After the shooting, NYPD Detective Chief James Essig said James boarded an R train that stopped at the station and stopped before exiting at the 25th Street station. . After that, James was seen again at a Park Slope tube station just under an hour later before disappearing.

Authorities identified James as a person of interest Tuesday night, but on Wednesday, after the investigation linked James to the crime in multiple ways, Mayor Eric Adams said he was considered the suspect and a wanted fugitive.

This decision was made overnight after more than 18 hours of investigation including video, cellphone data and witness interviews.

“There was a clear desire to create terror,” Adams said. “If you bring a smoke bomb or would you bring a semi-automatic weapon with a gas mask on and very methodically hurt…innocent New Yorkers, that’s terror.”

RELATED | Brooklyn subway shooting raises fears about transit safety

While the station’s cameras were inoperable, law enforcement officials were able to obtain an image of the suspect from a bystander’s cellphone video. The NYPD then located a U-Haul van on Kings Highway in Gravesend that they believe James drove to New York from Philadelphia on Monday.
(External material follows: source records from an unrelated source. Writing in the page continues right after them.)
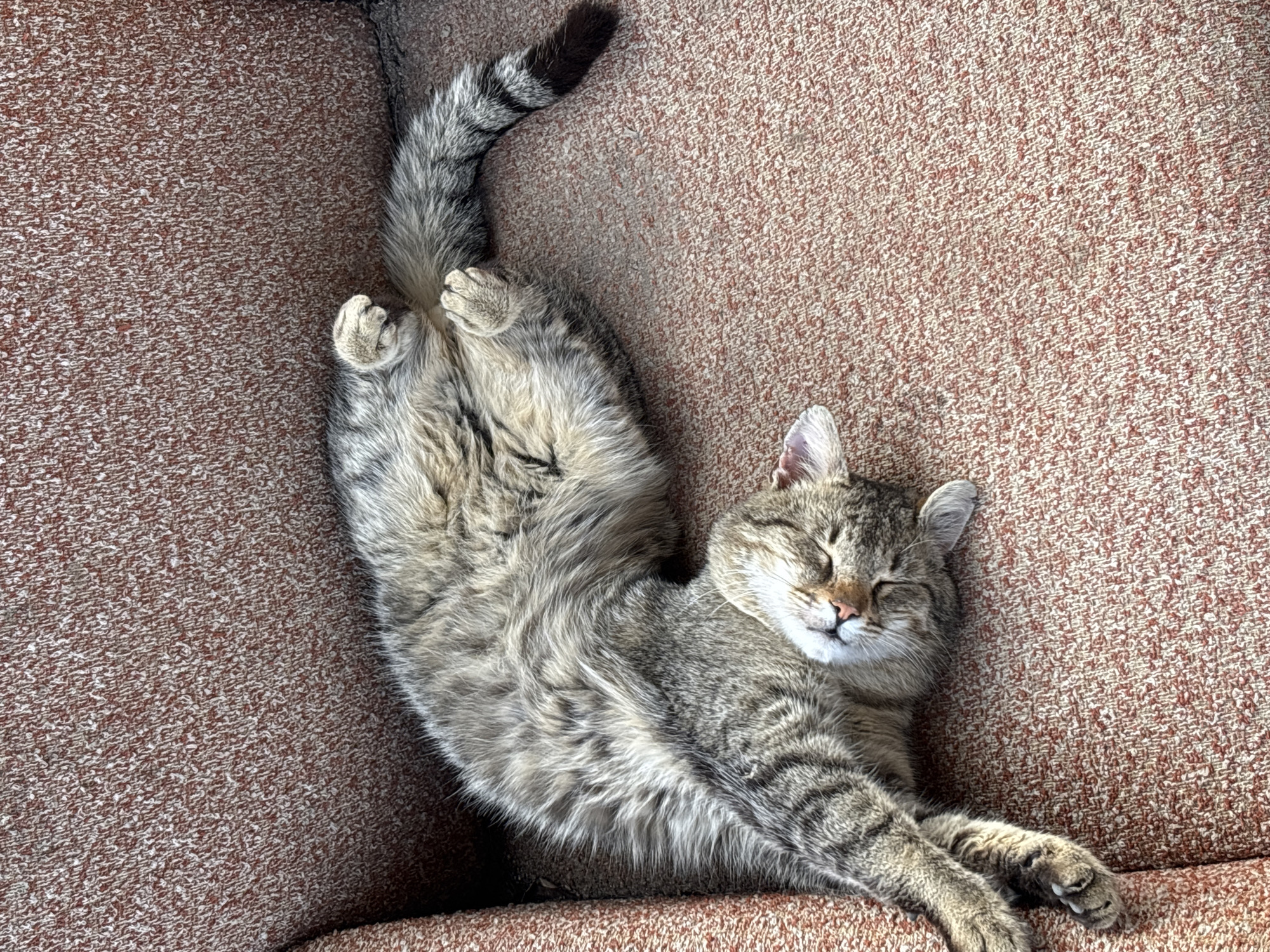 In Slavyanovo, Bulgaria, a domestic tabby cat is depicted asleep on an upholstered furniture surface. The cat, exhibiting grey-brown fur with distinct darker stripes, is positioned on its back, stretching its limbs upwards with paws curled. Its eyes are closed. The striped tail, with a darker tip, is visible. The supporting surface consists of a reddish-brown, flecked, woven upholstery material, consistent with an indoor sofa or armchair.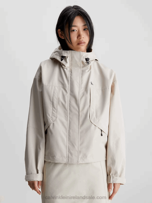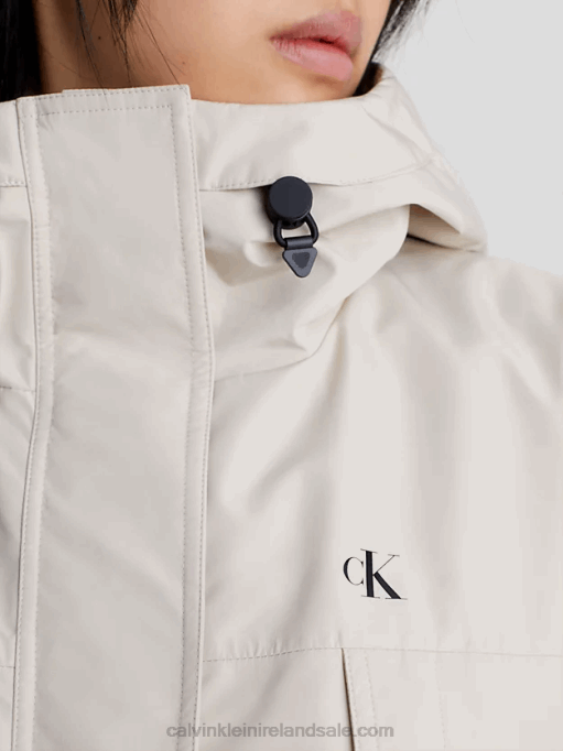 F64Z1798 Classic Beige Women Calvin Klein Oversized Waterproof Jacket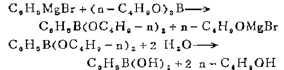 2. The laboratory can prepare it by reacting phenyl Grignard reagent and boric acid triester.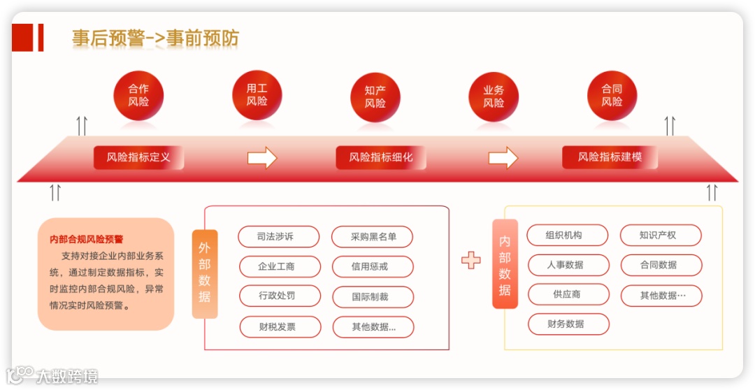 面向管理者打造数字化、智能化企业合规风控监管系统。融合工商、司法、行政、制裁、知产、采购黑名单等数据,构筑坚实数据底座。以信息化为手段,以“穿透式”方式,全面了解企业合规、风控管理体系建设及运行情况,动态掌握企业经营管理过程中各类风险的识别、预警、应对处置及后续整改情况,实现事前预警、事中监管、事后整改的在线闭环管理。结合重大法律纠纷案件管理、经营合规风险、内控与风险管理等,对企业经营状况进行全面分析,更好服务管理者监管并辅助决策。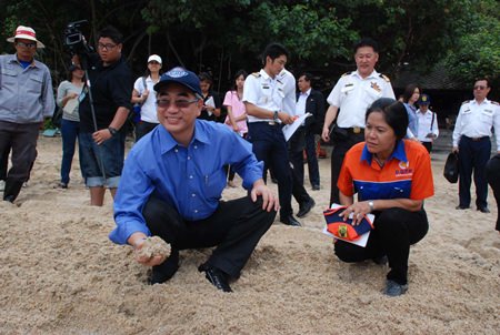 Natural Resources and the Environment Minister Vichet Kasemthongsri smiles as he checks the sand for a photo op on Ao Phrao beach.

They said a pillow inside indicated he may have slept there, and a nearby subway station is where they believe he entered the system.

The keys to that van were found in the gunman’s possessions left at the subway station, NYPD Chief of Detectives James Essig said.

A 9mm Glock semi-automatic handgun, three extended magazines, a hatchet, gasoline, four smoke grenades (two detonated and two undetonated) and a bag of consumer-grade fireworks, as well as ‘a credit card according to the authorities, were also recovered at the scene. used to rent the U-Haul. The weapon was purchased from a licensed pawn shop in Ohio in 2011, the ATF determined.

The gun and the purchase of a gas mask on eBay are among the pieces of evidence that have elevated James from person of interest to suspect, sources said.

Investigators also became more comfortable calling James a suspect after re-examining witnesses who initially gave a description of the shooter’s height that did not match James’ 6ft 2in frame.

Phantom Fireworks confirmed in a statement that James purchased products in Wisconsin that were allegedly left in the 36th Street subway station.

Authorities found no significant felony arrests in James’ criminal history, only a number of misdemeanor charges. But James was known to the NYPD with a rap sheet spanning six years, from 1992 to 1998, with nine prior arrests.

RELATED | Witnesses describe chaotic scene after NYC subway shooting

James’ social media posts containing profanity appear to be highly critical of the mayor for his homelessness policy, including videos filled with racist and sexist slurs and rambling rants about the crackdown on Adams versus people living in the subway.

Mayor Adams appeared on Good Morning America on Wednesday and said officials are considering using state-of-the-art metal detectors on the city’s subway.

“These aren’t the traditional metal detectors you see at airports,” Adams said. “Technology has advanced so much. When you think about it, we haven’t advanced with technology. Cities…when it comes to better protecting citizens, I’m open to all technologies.”